Provided records.
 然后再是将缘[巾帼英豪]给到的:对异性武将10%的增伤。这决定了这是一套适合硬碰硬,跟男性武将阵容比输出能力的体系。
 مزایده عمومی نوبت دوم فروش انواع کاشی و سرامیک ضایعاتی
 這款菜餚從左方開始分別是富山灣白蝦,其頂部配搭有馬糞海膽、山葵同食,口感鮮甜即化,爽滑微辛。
==
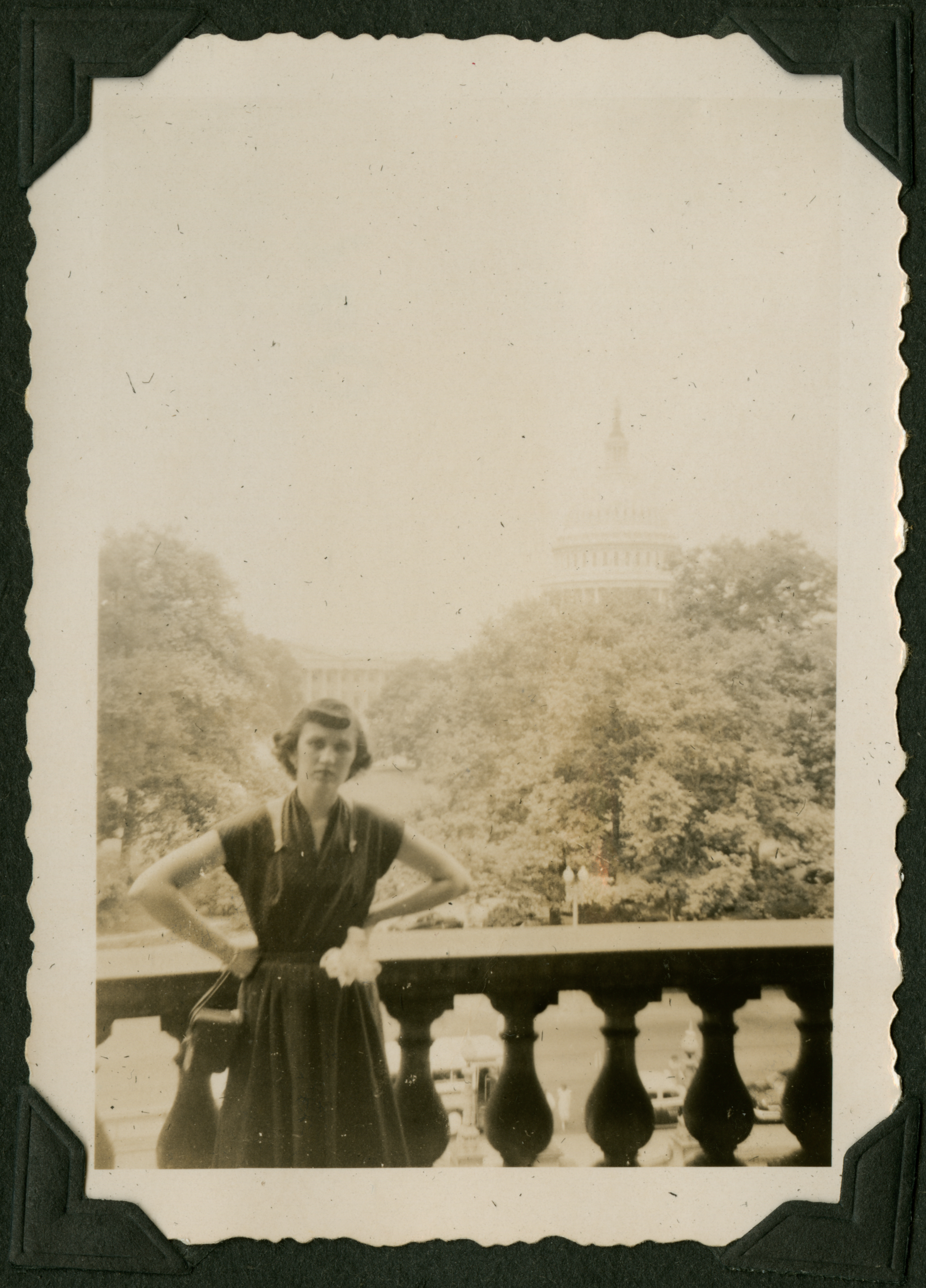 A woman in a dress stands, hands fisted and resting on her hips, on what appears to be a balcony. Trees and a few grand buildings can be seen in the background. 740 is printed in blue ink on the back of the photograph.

What is needed. Retype exactly the lines above, from the one with "然后再是将缘[巾帼英豪]给到" through the one with "這款菜餚從左方開始分別是富山", inclusive.

Response to this task.
 然后再是将缘[巾帼英豪]给到的:对异性武将10%的增伤。这决定了这是一套适合硬碰硬,跟男性武将阵容比输出能力的体系。
 مزایده عمومی نوبت دوم فروش انواع کاشی و سرامیک ضایعاتی
 這款菜餚從左方開始分別是富山灣白蝦,其頂部配搭有馬糞海膽、山葵同食,口感鮮甜即化,爽滑微辛。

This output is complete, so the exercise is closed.